Bien sûr, l’urgence est à surmonter la crise sanitaire, soutenir l’emploi, et relancer l’économie. Mais sans un projet politique que nous pourrions partager, ce pourrait aussi être extrêmement dangereux. Car, outre la désorientation, la perte de confiance et l’inquiétude face aux incertitudes, les citoyens européens semblent partager également le sentiment de vulnérabilité, notamment face aux dégradations environnementales. Si les relances des Etats membres sont dispersées et ne montrent pas qu’elles traitent, de manière coordonnée, les besoins des citoyens et leurs aspirations à ce que soient réduites nos vulnérabilités et nos inégalités, on poussera un cran plus loin la crise politique qui a suivi la crise financière de 2008 et son traitement partiel.
Le besoin de considérer la santé publique et la protection de l’environnement comme des biens communs à protéger semble traverser toutes les sociétés européennes. C’est pourquoi le Pacte vert pour l’Europe peut constituer un véritable projet pour l’après crise, en mesure de donner du sens à notre trajectoire commune, et à notre solidarité, et encore davantage après la crise. Déjà, les Coréens du Sud viennent de porter leur choix lors des élections récentes sur le parti politique qui porte la croissance verte comme le projet d’avenir. En Chine, la nouvelle étape de modernisation que propose Xi Jinping se nomme « Nouvelles infrastructures », et elle a de bonnes chances de faire progresser la Chine à grandes enjambées en matière de technologies vertes, même si le charbon n’a visiblement pas dit son dernier mot. Il y aurait un risque que l’Europe prenne du retard, mais il y a aussi une opportunité à prendre au mot la Chine : si l’Europe et ses Etats membres choisissent le Pacte vert, alors ils seront en mesure de demander à la Chine d’aller elle aussi au bout de son engagement pour le multilatéralisme et la civilisation écologique en soutenant une initiative renforcée de protection des biens publics mondiaux, tant dans la prévention des pandémies que pour la protection de la biodiversité et du climat.

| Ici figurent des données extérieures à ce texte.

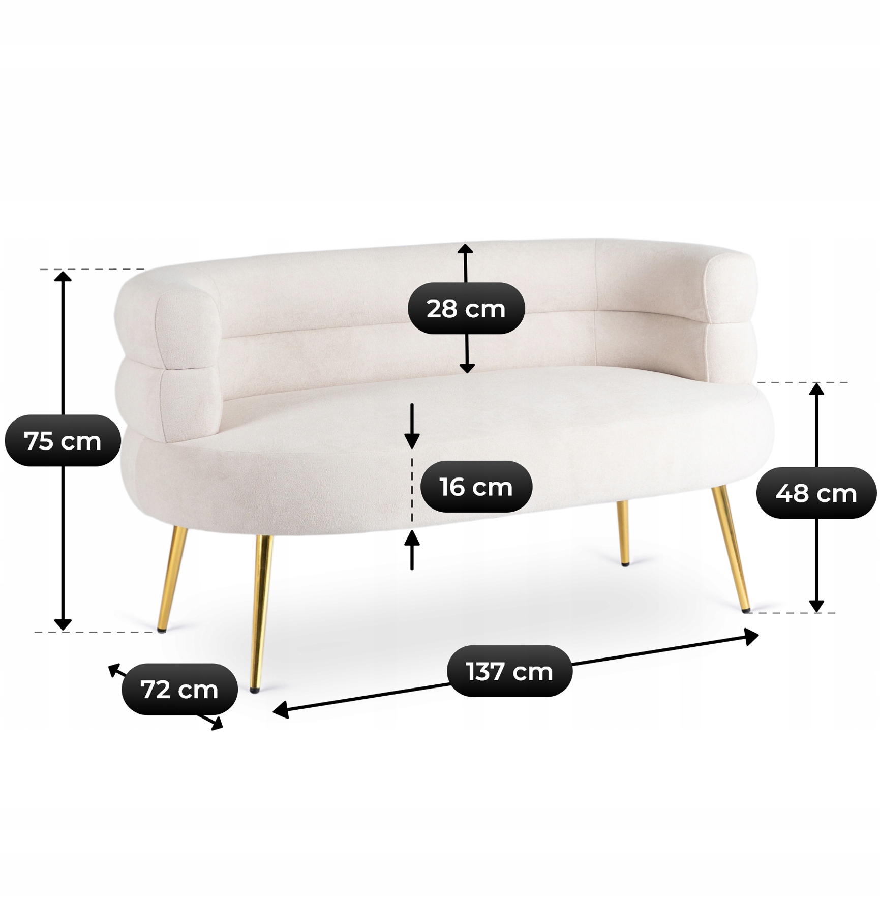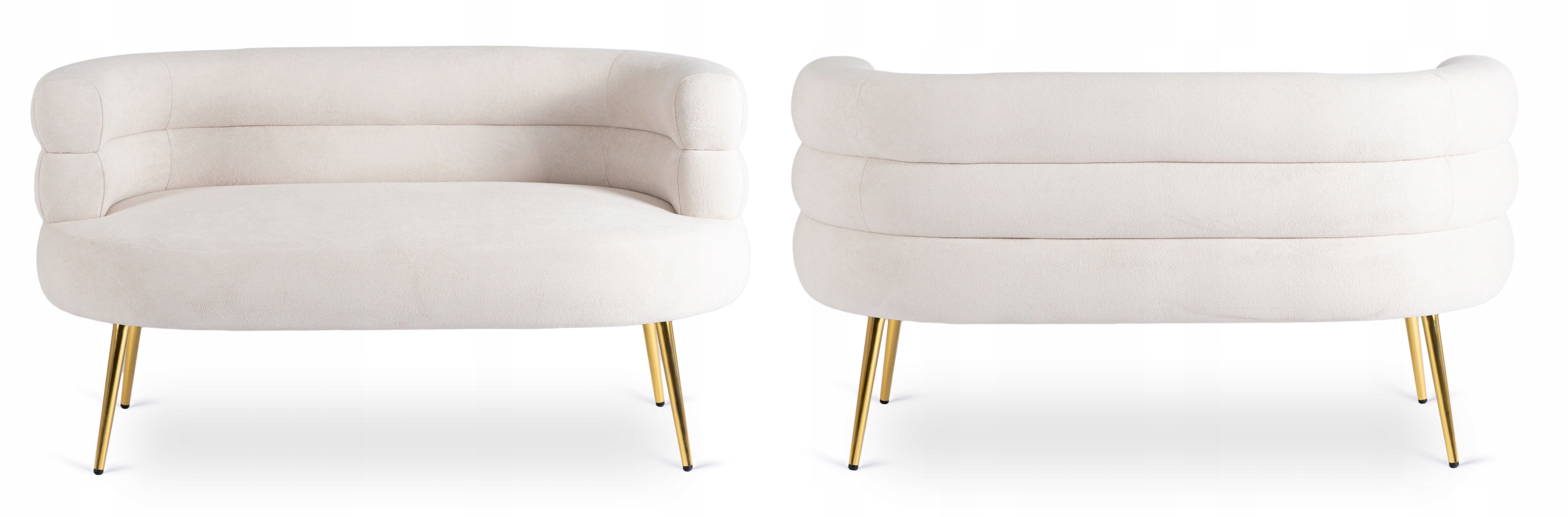 ✨ Mała Sofa Glamour Kanapa Fotel Dwuosobowy Do Salonu Kremowy Złoty NANTES
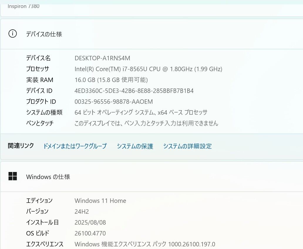 中古ノートパソコン DELL Inspiron 7380 Windows11+office 爆速SSD512GB core i7-8565U/メモリ16GB/13.3インチ/webカメラ
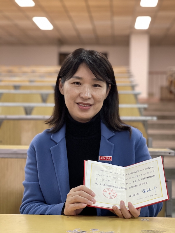 △這是閩江職業(yè)大學(xué)中文秘書專業(yè)1992屆學(xué)生任濤,她手里拿的是習(xí)近平當(dāng)時(shí)簽發(fā)的畢業(yè)證書。(總臺(tái)央視記者盧心雨拍攝)

Mais, pour les citoyens, un tel projet politique ne peut pas se décréter. Il faut s’assurer qu’il se construise au cœur des régions, des Communautés autonomes et Länder, des Etats membres, en étant avant tout à l’écoute des besoins des citoyens pour la reconstruction : chaque territoire aura ses blessures spécifiques, son histoire propre d’avant la crise et sa vulnérabilité particulière révélée par la crise, et ses souhaits d’assurer la résilience de son économie au plus près des citoyens. Le plan européen pour la reconstruction doit partir de ces besoins des territoires, mais il doit aussi assurer la cohérence, l’équité et la solidarité européennes, par des formes nouvelles de mutualisation en matière de risque budgétaire, et en s’assurant que les choix d’investissements futurs sont à la hauteur de l’ambition sociale et environnementale commune. Oui, le Pacte vert est le meilleur projet pour l’Europe sortant de la crise. Mais il ne faut pas laisser à la Commission européenne la responsabilité d’assumer seule politiquement cette indispensable cohérence sociale, environnementale et territoriale. C’est aussi la responsabilité de la société civile et des experts, que d’aider à cette reconstruction à partir des besoins et aspirations des citoyens sans lâcher l’horizon du Pacte vert.